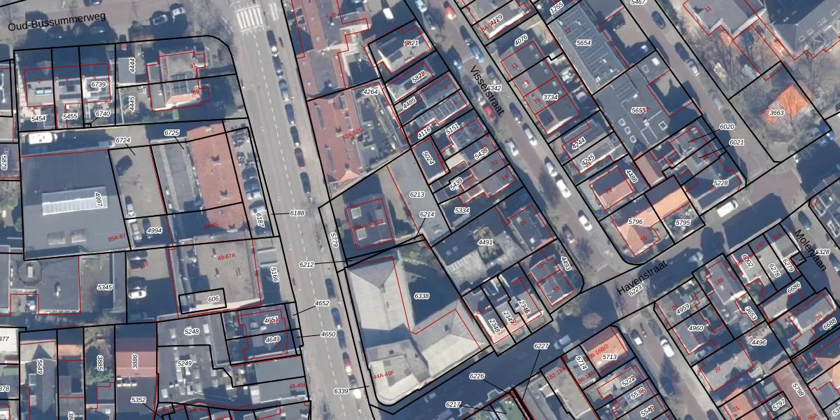 Het perceel waarop het adres ligt is BSM01-B-6213. De afkorting 'BSM01' staat voor kadastrale gemeente Bussum. De gemiddelde perceelgrootte in Bussum is 593,92 m². Dit perceel is kleiner: de perceeloppervlakte bedraagt 421 m². Het kleinste perceel in de kadastrale gemeente is 0 m² groot. De grootste perceeloppervlakte is 38,9 ha. Op het perceel liggen in totaal 10 adressen. In de Basisregistratie Kadaster (BRK) werden de grenzen van het perceel geregistreerd op 06-07-2006.
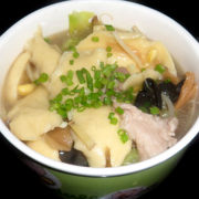 面粉、猪瘦肉、黄花、木耳、疙瘩白菜、黄豆芽、自制五香咸菜、平菇、香葱、姜丝、鸡蛋、火腿肠。
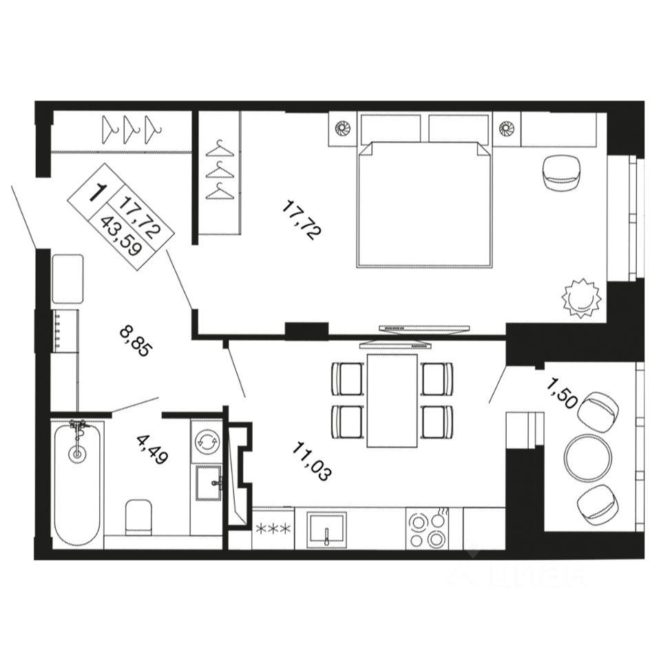 1-комн. квартира в ЖК комфорт-класса "Времена года" на 9 этаже в 9 этажном корпусе 11. Общая площадь: 43.59 кв.м., жилая: 17.72 кв.м. Высота потолков 2.76 м. "Времена года" современный жилой комплекс комфорт-класса, расположенный в тихом и зеленом подмосковном городе Апрелевка, в 1 минуте пешком от станции МЦД-4 "Победа".

EXERCISE BRIEF: All that is needed is the exact run of lines from the start of the material above through the one containing "面粉、猪瘦肉、黄花、木耳、疙", pictures left out.

RESULT OF THIS EXERCISE:
 Het perceel waarop het adres ligt is BSM01-B-6213. De afkorting 'BSM01' staat voor kadastrale gemeente Bussum. De gemiddelde perceelgrootte in Bussum is 593,92 m². Dit perceel is kleiner: de perceeloppervlakte bedraagt 421 m². Het kleinste perceel in de kadastrale gemeente is 0 m² groot. De grootste perceeloppervlakte is 38,9 ha. Op het perceel liggen in totaal 10 adressen. In de Basisregistratie Kadaster (BRK) werden de grenzen van het perceel geregistreerd op 06-07-2006.
 面粉、猪瘦肉、黄花、木耳、疙瘩白菜、黄豆芽、自制五香咸菜、平菇、香葱、姜丝、鸡蛋、火腿肠。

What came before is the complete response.